Google Book Search is an index of book content that makes it easy to find books that interest you. Like a card catalog, it helps you learn where to get the full book from a bookstore or a library. Use the Google Book Search homepage to get only book results, or Google.com to see book results as part of your regular search results. Google Book Search makes the full text of millions of books (including out of print and public domain books) instantly searchable, and makes those books discoverable. For authors and publishers, it means that millions of booksare instantly discoverable - and able to be purchased. Google Book Search acts as a free marketing program that protects copyright while dramatically expanding the potential audience for, in theory, every book in the world.

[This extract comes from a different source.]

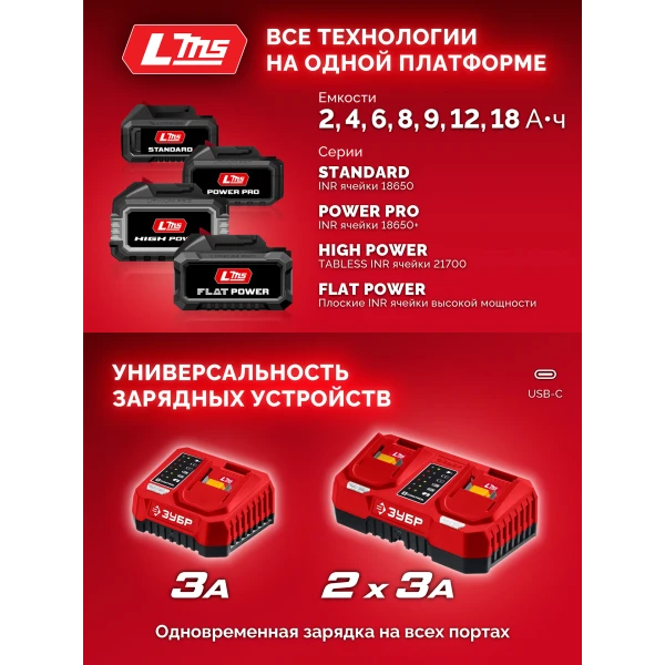 - Два аккумулятора универсальной системы LMS повышенной емкости 2.0 А*ч позволяют инструменту работать дольше и эффективнее

Google News gathers information from nearly 10,000 news sources worldwide and presents news stories in a searchable format within minutes of their online publication. The leading stories are presented as headlines on the Google News home page. These headlines are selected for display entirely by a computer algorithm, without regard to viewpoint or ideology. Google News uses an automated process to pull together related headlines, which enables readers to see many different viewpoints on the same story. Topics are updated continuously throughout the day and you can view new stories by checking the Google News website, subscribing to Google News Alerts via email, or activating a newsfeed. Currently, the Google News service is tailored to 22 international editions.
Scirus is a product developed by Elsevier Science, concentrating soley on collecting scientific content. It searches both the open Web and membership sources such as ScienceDirect, MEDLINE on BioMedNet, and Beilstein on ChemWeb. Scirus features an array of scientific information in data and chart form.
The German Environmental Information Network search engine gathers public affairs information distributed across Web sites run by public institutions in Germany, such as environmental authorities, and agencies and ministries at the federal levels. It functions as an information broker for environmental information in Germany.
Artcyclopedia is an index of hundreds of museum sites and image archives. Visitors can search for where the works of over 5,500 different artists can be viewed online.
Health on the Net Foundation uses both humans and Web crawling to build its index of medical information. Searches can be narrowed by region and a French interface is available.